For the first time in 50 years, Democrats and Republicans are both embracing industrial policy–but that doesn’t mean it will pay off for workers


In his own State of the Union address, President Joe Biden highlighted how their policies are creating tens of thousands of new jobs and attracting billions of dollars of business in sectors such as clean energy and advanced manufacturing. The speech underscores what is becoming Biden’s economic trademark: corporate policy.

It seems that the once abandoned financial system is enjoying a resurgence. Throughout the time I worked at the United States Department of Labor, which had three very different administrations, I saw people hate industrial policy. Sometimes that leaders would discuss the topic, the responses of many of my friends were disappointed and derisive. Democrats – and, to some extent, economists – were encouraged by the idea of ​​targeting policy across industries. The hesitancy was, in part, fueled by mistrust – which economists say Dani Rodrik explains such as “kneeling hostility”—betting on companies to fulfill their commitment to the greater economy and its workers.

Republicans, meanwhile, may have had more faith in the private sector, but were generally reluctant to intervene in the market using public funds. As Brian Deese, former director of the National Economic Council, they put“For many years in the last 500 years, even saying the words ‘industrial system’ was the difference between scorn and concern.”

A major policy change

But times are changing. Under President Biden’s leadership, the White House has not only invested heavily in the semiconductor, manufacturing, and clean energy industries, but also in infrastructure, transportation, and broadband — but it has done so with bipartisan support. It is clear that corporate values ​​are being accepted politically. What is not known is whether this money will succeed where it has tried before struggled to make impact. Federal, state, and labor leaders will need to work together to ensure that these policy changes fulfill their potential to change the lives of working Americans for the better.

This starts with making sure that workers who have previously been left behind can benefit from – and thrive in – the jobs that these investments create.

Encouraged by laws like the CHIPS and Science Act, chip makers are building plants across the country. In recent months, some of the major manufacturers have announced delays, regarding the lack of skilled workers. Then, Deloitte he thinks that the semiconductor industry will be short of about 90,000 such workers over the next few years. Biden’s recent investment of $5 billion is, in part, a recognition of the problem, with hundreds of millions of those dollars being directed toward training more semiconductor engineers. But with the need for skilled workers growing rapidly in a number of critical industries, it will take more effort and money to improve the quality of education in the country.

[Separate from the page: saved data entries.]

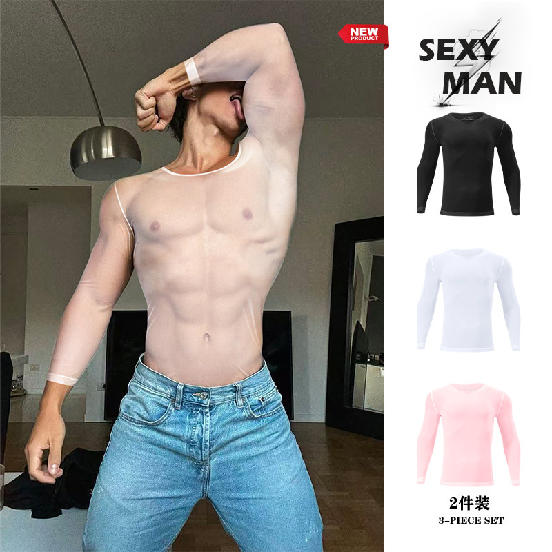 📚 两条装男士超薄隐形塑型高弹打底衣透明长袖透气锁温运动性感纯色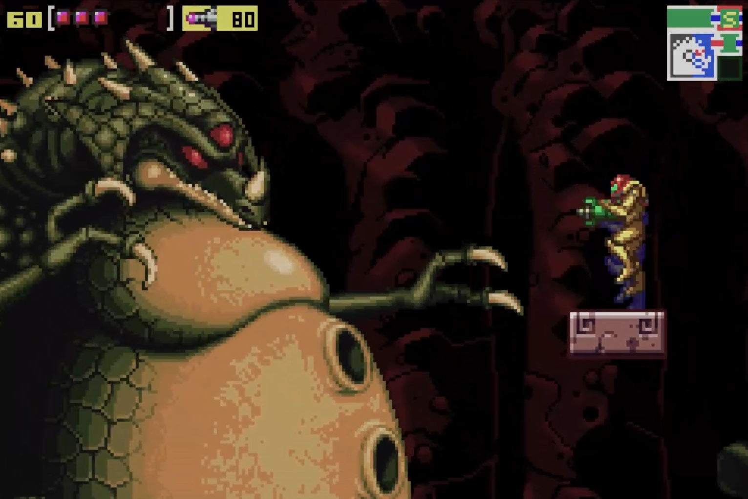 Kraid is one of those bosses that keeps coming back, though he doesn't have quite the lore reason that Ridley does. I think it's more that he's gotten carted around to every lab that could hold him simply because he's interesting. However, though he's normally difficult to hit, I think this is the game where he's the most difficult to hit. You have to spend a missile just to get him to open his mouth, and then the hand is so aggressively blocking that you really only have time for one hit. At least in Dread you get a larger window to attack. The only reason I would possibly call him harder in Dread is that he's got a much more varied attack pattern, so you can't just hang from a ledge and farm health and missiles until you're all healed up again.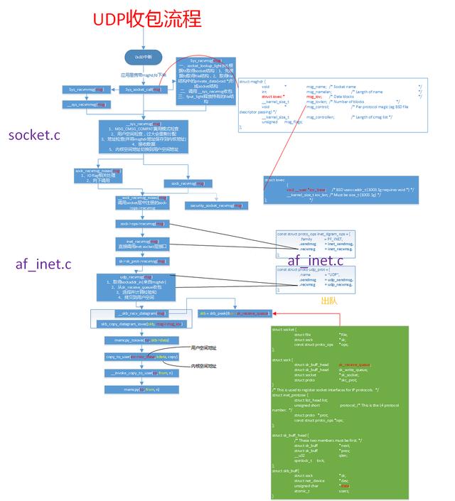 协议无关层和系统调用接口层:当用户需要接收数据时,首先根据文件描述符 inode 得到 socket 结构体和 sock 结构体,然后从 sock 结构体中指向的队列 recieve_queue 中读取数据包,将数据包 copy 到用户空间缓冲区。数据就完整的从硬件中传输到用户空间。这样也完成了一次完整的从下到上的传输。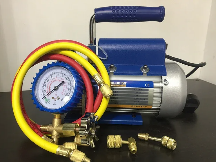 Если вы заказывали установку кондиционера или только планируете это сделать, вряд ли задумывались о том, делают ли монтажники вакуумирование трассы. А это важный процесс, от которого зависит, как долго и насколько эффективно будет работать ваш кондиционер. Я занимаюсь установкой сплит-систем не первый год и не раз видел, к чему приводит экономия на этом этапе. Расскажу простыми словами, зачем это нужно, что будет, если монтажники пропустят вакуумирование, и как убедиться, что всё сделано правильно. Когда кондиционер устанавливают, внутренний и наружный блок соединяют медными трубками – это трасса, по которой циркулирует фреон. Эти трубки изначально заполнены воздухом, в котором есть влага, кислород и возможные загрязнения. Если не удалить этот воздух, могут возникнуть проблемы: Чтобы этого не произошло, перед запуском кондиционера из трассы удаляют воздух и влагу с помощью вакуумного насоса. Только после этого можно открыть краны и запустить фреон. Вакуумный насос. На первый взгляд, ко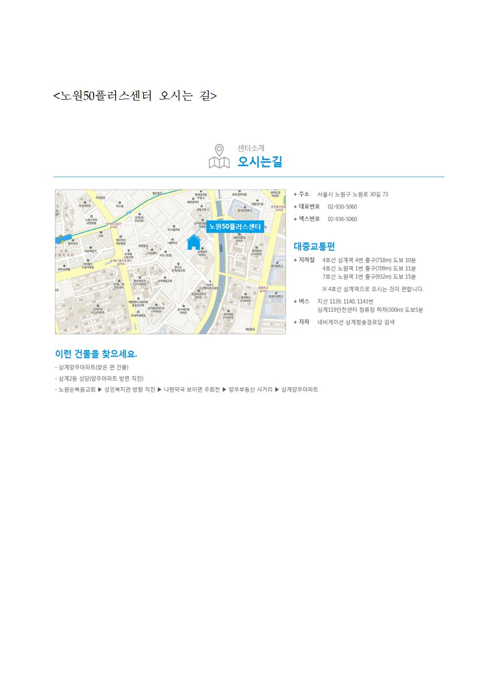 노원50플러스센터 (우 01697 )서울시 노원구 노원로 30길 73 사업자등록번호 : 305-82-86739 대표자 : 장부경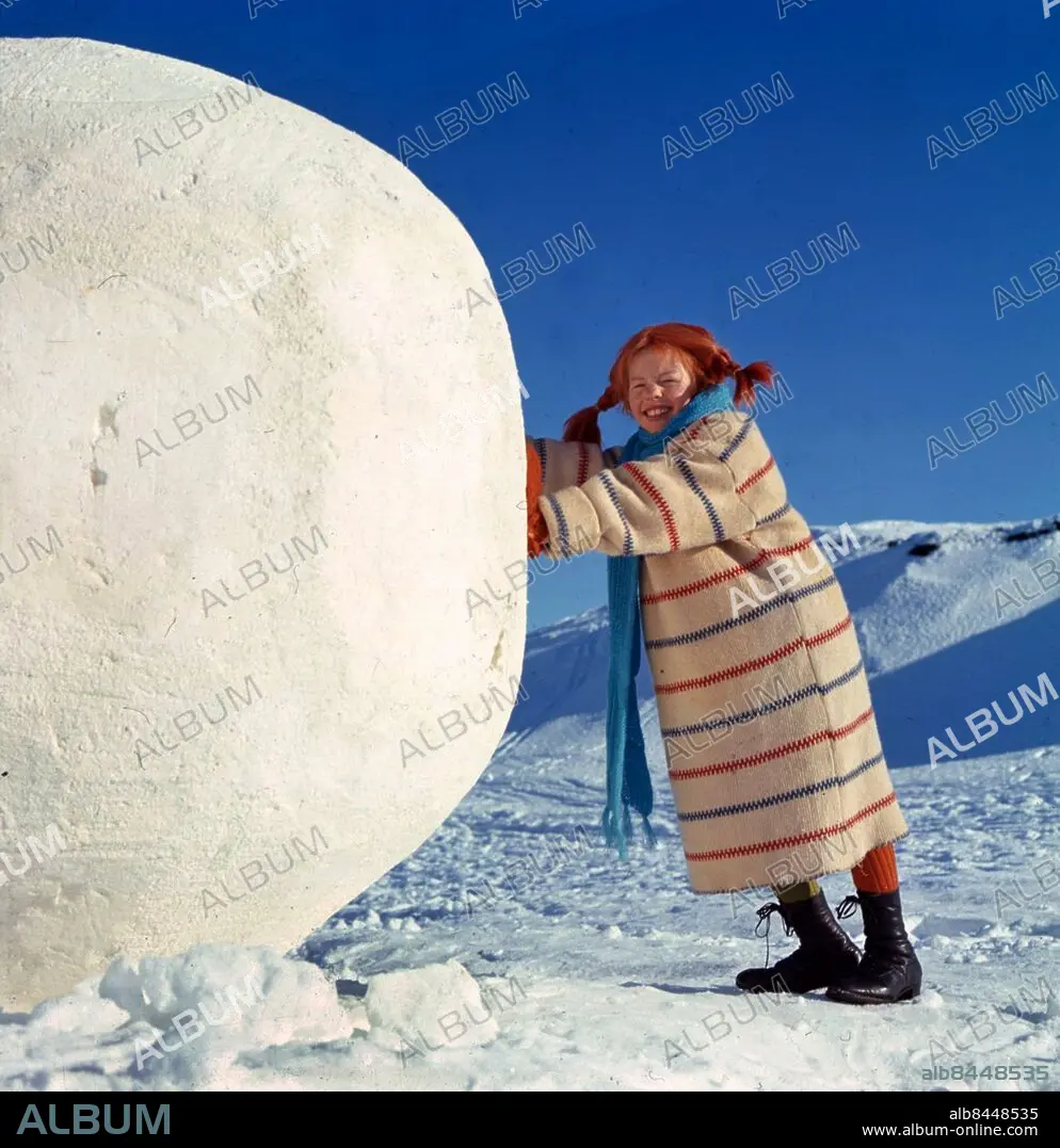 Pippi Långstrump spelas av Inger Nilsson vid stor snöklot snöboll. Film Pippi Långstrump 1968 Inger Nilsson. (c) Sydsvenskan / IBL Bildbyrå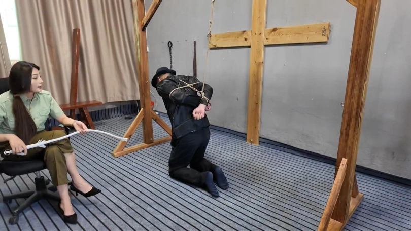 女军官在搜捕汉奸,把汉奸抓起来狠狠抽打,最后处决.....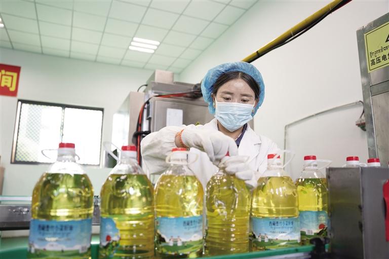 2023年建成的小油菜榨油廠(二期)總投資3000萬元,配備吹瓶機、灌裝機等全套現(xiàn)代化設備。從一期半自動生產(chǎn)實現(xiàn)跨越式升級,達成“全自動標準化生產(chǎn)”。次旦央珍介紹:“目前,我們廠年均加工能力可覆蓋近3萬畝油菜籽,從 ‘一粒油菜籽’到‘一桶精制油’ 的轉(zhuǎn)化效率大幅提升,為產(chǎn)業(yè)規(guī)?;a(chǎn)業(yè)化發(fā)展提供了堅實的產(chǎn)能支撐?!?/p>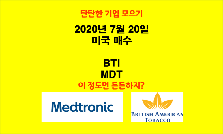 안녕하세요. 오늘도 주식 쇼핑을 했어요! 고민고민 끝에 고른 기업은 바로 담배 가게 최강자 브리티시 아메리칸 타바코(British American Tabacco, BTI)와 의료기기의 최강자 메드트로닉(Medtronic, MDT)입니다.
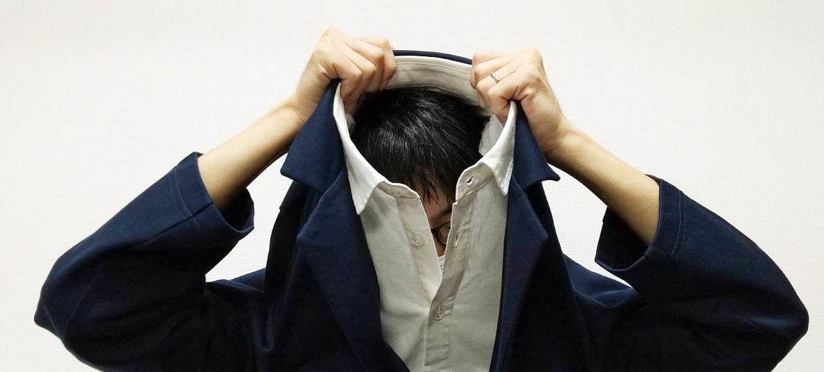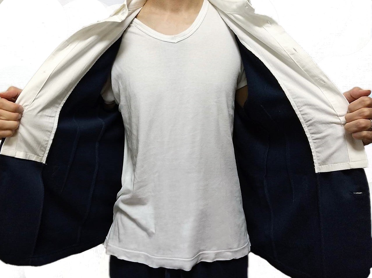 ジャケットの下にビジネスシャツを着ているようにみえますが

Employees as a requirement

While government systems play an important role in connecting workers to opportunities, they are struggling to match Biden’s corporate policies. Communities are looking to address the mismatch between public investment in job creation and investment in job training and other workforce support. They are also looking at the mismatch between the types of education they provide historically and the needs of employers at the end of federal funding. Public employment opportunities and local education providers, especially community and technical colleges, have been making it their mission to promote opportunities for workers who may not otherwise be locked out. Meeting the demands of the resumption of industrial policy will require rethinking how these organizations work together to create opportunities for intentional, sector-specific training for workers.

In Ohio, for example, companies like Intel, Hondaand Amgen they are investing billions of dollars in chip manufacturing, electric vehicle manufacturing, and biomanufacturing facilities. In response, the state has commissioned Columbus State Community College to lead the effort to build a pipeline of thousands of skilled workers. The college is developing deep partnerships with employers, labor unions, K-12 and higher education partners, government leaders, nonprofits, and other stakeholders.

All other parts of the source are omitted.